# Generating RDMs with LM data
Jacob Matthews, 10/28/2022

## Outline
This notebook demonstrates how to use rsatoolbox to compare vector representations generated by a language model. It then demonstrates how RDMs can be converted to networkx graphs.

## Imports and preprocessing

In [None]:
import rsatoolbox
import re
import nltk
import rsatoolbox
import pandas as pd
import numpy as np
import networkx as nx
import gensim.downloader

Preprocessing

## w2v and words to probe

Our simple model

In [None]:
# Import w2v model
w2v_model = gensim.downloader.load('word2vec-google-news-300')

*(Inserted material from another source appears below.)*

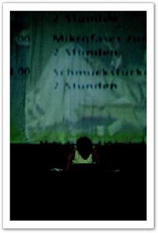 La projection : Par sa création composée à la fois de diapositives et de vidéos, le vidéaste donne le ton du spectacle. Son travail fait partie intégrante de la création et est utilisé à la fois comme ambiance, regard des personnages sur eux-mêmes, ou regard du public sur les personnages, sans oublier une petite pointe d'humour. Il permet de mettre en avant ce qui est suggéré par la scène interprétée. Aussi, la deuxième partie du spectacle se tourne plus particulièrement sur "le regard" alors la vidéo devient un personnage à part entière.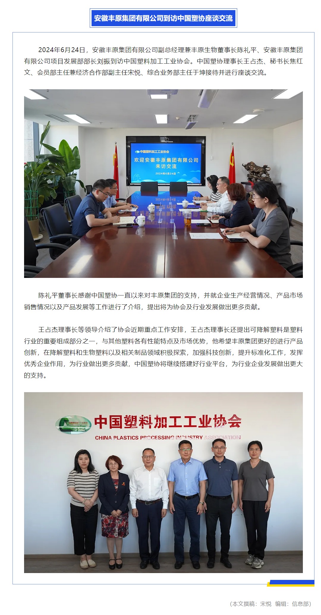 安徽丰原集团有限公司到访中国塑协座谈交流

Create a list of words to construct the RDM:

In [None]:
words = [
        ]
num_words = len(words)
num_words

Get embeddings from w2v model

In [None]:
embeddings = {word: w2v_model[word].tolist() 
              for word in words}
model_df = pd.DataFrame.from_dict(embeddings, orient='index')
model_df

## Generating RDMs

Make Dataset objects from our embeddings DataFrame

In [None]:
ds = rsatoolbox.data.Dataset.from_df(model_df)
ds.obs_descriptors = {'words': model_df.index.to_list()}
ds.descriptors = {'year': 2022, 'model': 'w2v'}

Calculate RDM for 2022 data

In [None]:
rdm = rsatoolbox.rdm.calc_rdm(ds, method='euclidean', descriptor='words')
rsatoolbox.vis.show_rdm(rdm, 
                        rdm_descriptor='year', 
                        figsize=[num_words, num_words],
                        show_colorbar='figure',
                        pattern_descriptor='words'
                        ) 


## RDMs to graphs

Convert RDM to ndarray

In [None]:
dist_matrix = rdm.get_matrices()[0]
print(dist_matrix)

Generate masks for values of (what I am calling) epsilon. 
Masker finds the following:

$$ m^{\epsilon}_{ij} = \; ^{m_{ij} \; \textbf{if} \; m_{ij} > \epsilon}_{\textbf{else} \; 0}, \epsilon = m*10^n $$ 

 

In [None]:
def masker(matrix, max_m=10, n=-5):
    masks = {}
    for i in range(max_m):
        eps = (i + 1) * 10 ** n
        f = lambda x: x if x > eps else 0.0
        mask = np.vectorize(f)(matrix)
        masks.update({i+1: mask})
    return masks

In [None]:
masks = masker(dist_matrix, n=-2)
# masks returns a dict indexed by epsilon value
print(masks[5])

Make graphs from masks

In [None]:
labels = {i: words[i] for i in range(len(words))}
G = [nx.Graph(masks[i+1]) for i in range(len(masks))] 
G = [nx.relabel_nodes(g, labels) for g in G]

Draw the graph

In [None]:
nx.draw_networkx(G[1])

In [None]:
nx.draw_networkx(G[4])